I had an enlightening conversation with my adoption agency yesterday. Our case worker, A., basically told me, flat out, that China was not a good match for my husband and I.
I am inexplicably a little bit sad about this conversation, which doesn't make a whole lot of sense. It's not as if she told me we weren't good candidates for adoption - what she said was, "you are a much better fit for our India or Vietnam program."
Her reasoning is that we have specifically stated that we are open to a child of either sex, and that we would prefer a child older than
All children from India at 24 months, at a minimum, at the time of referral, and at least 30 months at placement. There is a real "need" for homes for the boys, in particular.
Apparently, people adopting from Asia and India are looking to adopt girls.
I have a couple theories about that, but, I will save them for another post, because I want to talk about my disappointment regarding the news about China, and I want to talk about Dong.
Before we had Gabe, my husband and I were watching 20/20 or Dateline - one of those news shows. They had a segment on China's orphanages, and the plight of girls who were in them.
After watching that program, my husband and I decided that we would try to adopt one of those girls. (Well, not necessarily one from the tv program, but, a girl in China.) We got the paperwork, but, at the time, we didn't have the financial resources necessary to proceed without going into debt. (And going into debt on anything other than a mortgage, is something we generally have not done.) We decided to try to get pregnant, and our contingency plan was that, if we weren't pregnant within six months, we would take out a loan for the China adoption.
Since we became pregnant immediately, we didn't exercise the contingency plan.
However, every time I went anywhere, and saw a family with an Asian daughter, I felt like my heartstrings were being pulled. I began to wonder if the daughter we had contemplated finding was waiting for me to come and bring her home.
I wish I could apologize to some of those families, who probably took my stares for judgmental bigotry - and while I wasn't being a bigot, I was coveting their daughters, which is probably almost as creepy and wrong.
So, I have this image in my head - an image in my head of my daughter, in a pink dress and black hair in two braids, and a thought - "this is my daughter
So, I guess to be told that, essentially, any family who is open to the possibility of a boy (from anywhere other than China) is probably going to be given a boy, and that China is a bad fit, since most healthy children are placed by 24 months...I feel like my "daughter" has been taken away from me.
It's not the end of the world. It just makes me a little sad that child I had an image of, in my head, is not the child who will come to me. And we could change our application and say that we would take a younger child - but, in truth, that's not going to happen.

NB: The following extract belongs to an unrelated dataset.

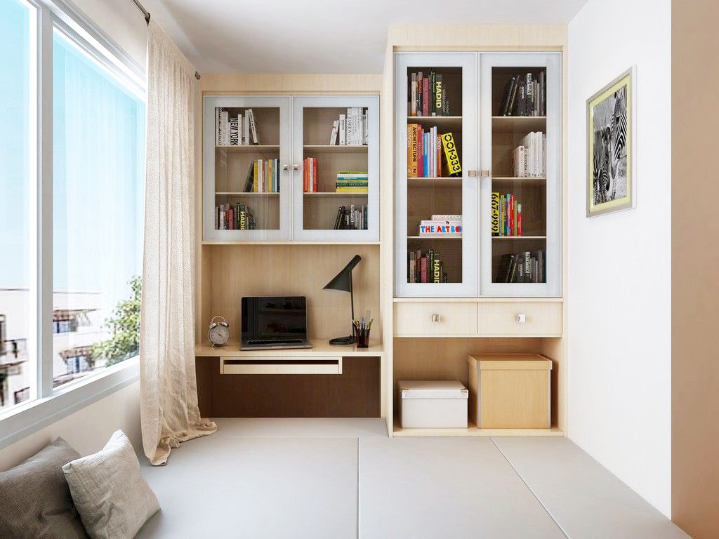 這種組合將書(shū)桌和地臺(tái)結(jié)合,充分利用高空區(qū)域的收納能力,將物品“向上”延伸來(lái)達(dá)到增加儲(chǔ)物空間的作用。然后用開(kāi)放式儲(chǔ)物架結(jié)合封閉式柜門(mén)的設(shè)計(jì),半遮半掩,實(shí)現(xiàn)功能和美觀的統(tǒng)一。

But, this brings me to Dong. Our case worker pointed out to me that there are several almost three year old boys in Vietnam, who are healthy, who were caught up in their government's temporary ban on adoptions to the US, and who need a loving family.
One of these children is Dong. (No, I am not making that up. That is actually the child's given name.)
Not withstanding the fact that if I want to bring this child to live with my family in Ohio and not get the crap kicked out of him by other children at school, his name is going to have to be changed, I am awaiting this child's information to come off my fax machine as we speak. A picture of him was made available to me in an email yesterday - and he looks, I kid you not, like my little boy.
I mean, his hair is black and he is Asian, but, the shape of his little face and his nose and his mouth - they are astonishly similar to my son's.
Isn't that bizarre?
And so I am sitting - waiting to find out if this child has the potential to be MY child. I'm trying hard to wrap my head around this idea, and coming to terms with what accepting this child could mean. It means there will be no daughter for me. But, it also means having a second son.
My husband is fully in favor of getting a boy. His rationalization for this - we know what to expect from a boy. We have boy clothes. We have boy toys. We have boy experience
. We've done a good job with the boy we have, shouldn't we get another boy???
I don't know. His argument is sound and reasonable. I should also say that he would prefer to go through the India program. And it's not just because of his love for Vindaloo and Nan and samosas...he has correctly pointed out that we KNOW several Indian people. People who speak Hindi. People who would help us if we ran into a cultural issue. We don't know any Vietnamese people.
Which is not to say that he was not intrigued by the small face of Dong on the computer yesterday. Because he was. And he wants a child sooner rather than later. And Dong is available - he could be ours much sooner than an as yet to be identified Indian child....
I guess it all depends on what this fax has to say...about Dong.